→ WHAT THIS TASK INVOLVES: Set down the lines below, exactly, starting at the one that contains "Taza de porcelana" and stopping at the last line, inclusive. Omit pictures.

→ MATERIAL PROVIDED:
= = =
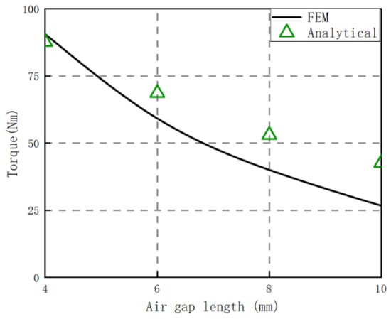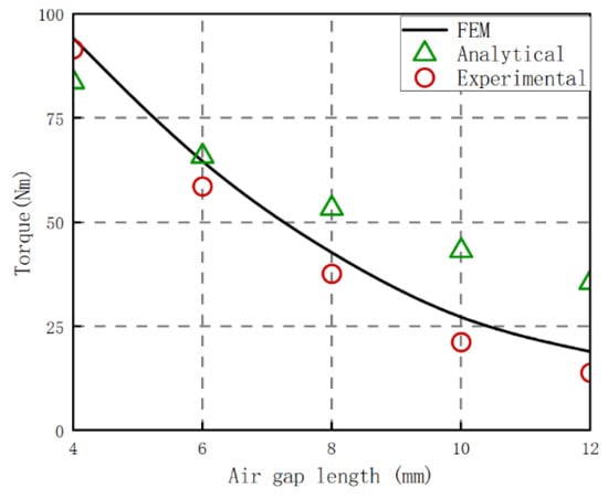 Figure 17 shows the relationship between torque and air gap length obtained by theoretical calculation when α = 0°, δ = 0 mm, compared with FEM results and experimental results. It can be seen that when the length of the air gap increases, the deviation of the theoretical calculation results will be larger; when h = 6 mm, the error is 10.98%. This is still because the main magnetic flux will gradually bend and decrease under a larger air gap thickness, and the magnetic leakage will increase, resulting in a larger induced magnetic flux calculation and thus a larger torque value.
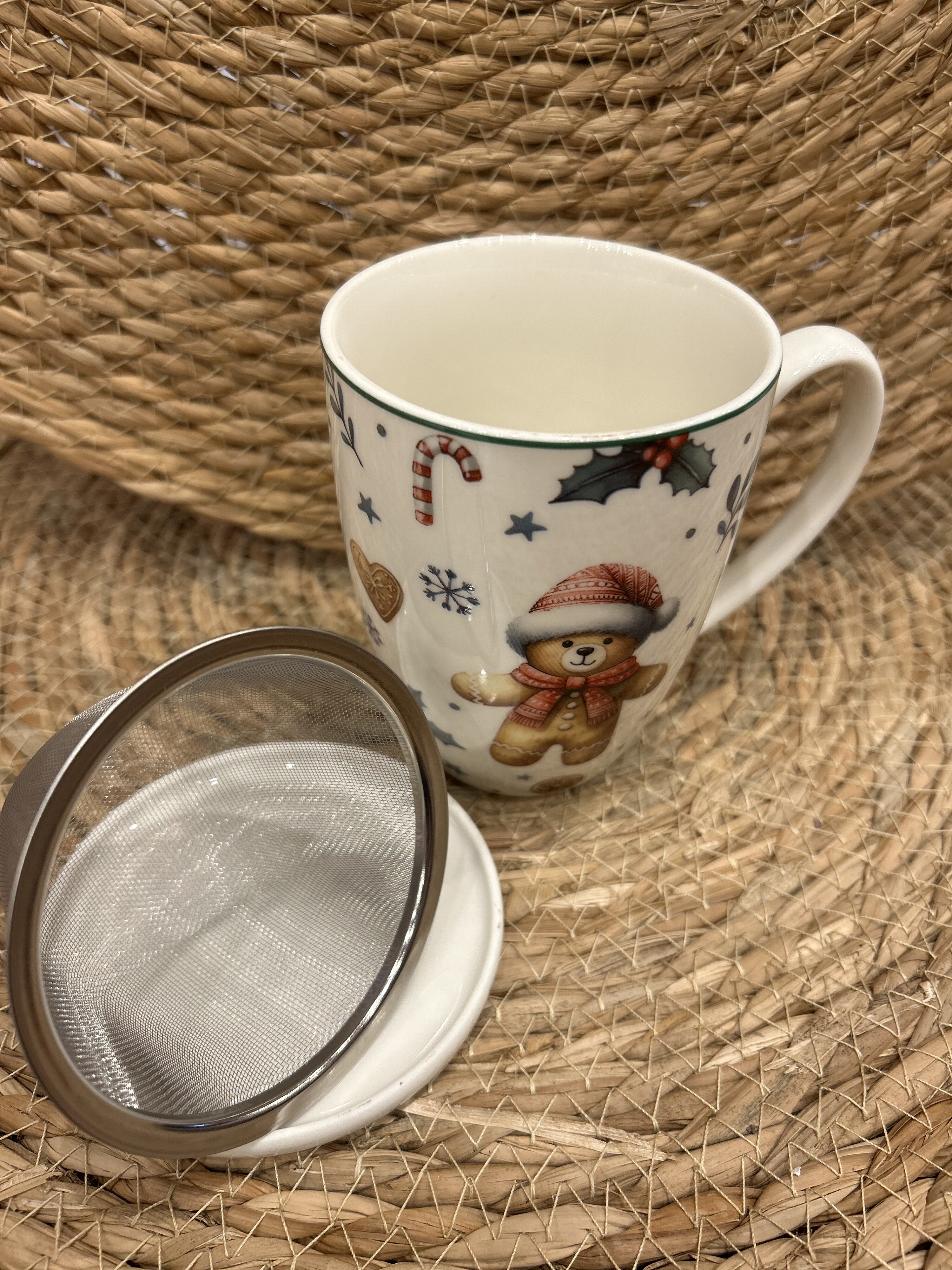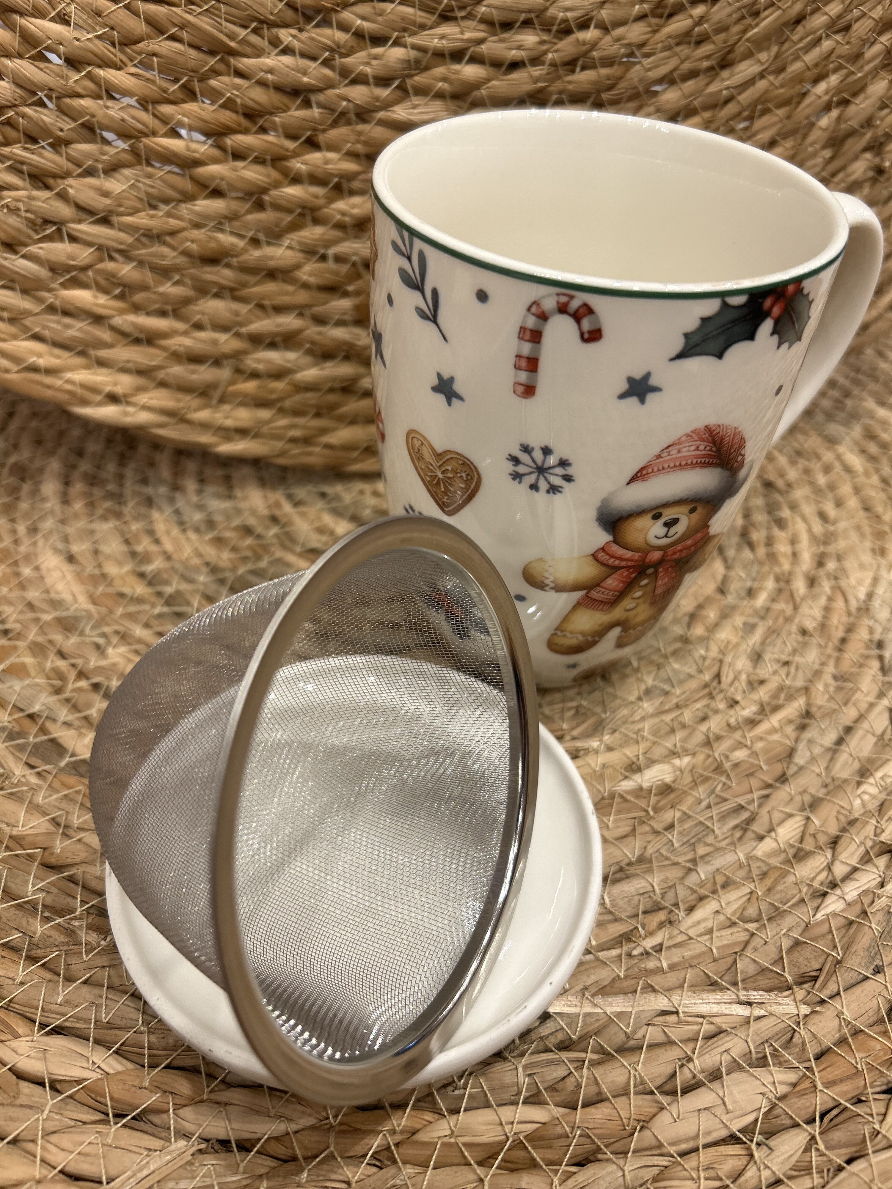 Taza de porcelana fina con diseño de osito navideño, con filtro de acero inoxidable y tapa.
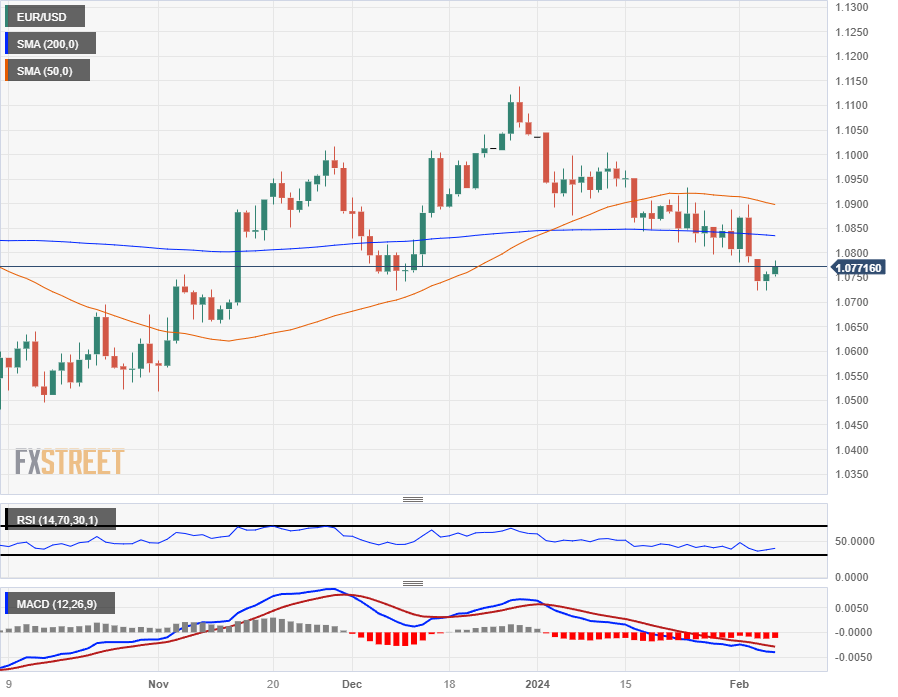 EUR/USD continues to trade south of the 1.0800 handle midweek, with the pair capped below the 200 hourly simple moving average (SMA) after being rejected from the 1.0900 area last week.
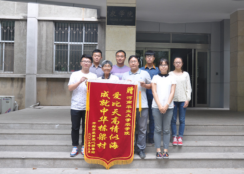 送来了一面题有“爱比天高情似海,成就中华栋梁材”的锦旗。院团委副书记周春涛及学院“呵护天使”——农情家园社会实践爱心支教服务团的成员接受了锦旗。
= = =
→ REPLY:
 Taza de porcelana fina con diseño de osito navideño, con filtro de acero inoxidable y tapa.
 EUR/USD continues to trade south of the 1.0800 handle midweek, with the pair capped below the 200 hourly simple moving average (SMA) after being rejected from the 1.0900 area last week.
 送来了一面题有“爱比天高情似海,成就中华栋梁材”的锦旗。院团委副书记周春涛及学院“呵护天使”——农情家园社会实践爱心支教服务团的成员接受了锦旗。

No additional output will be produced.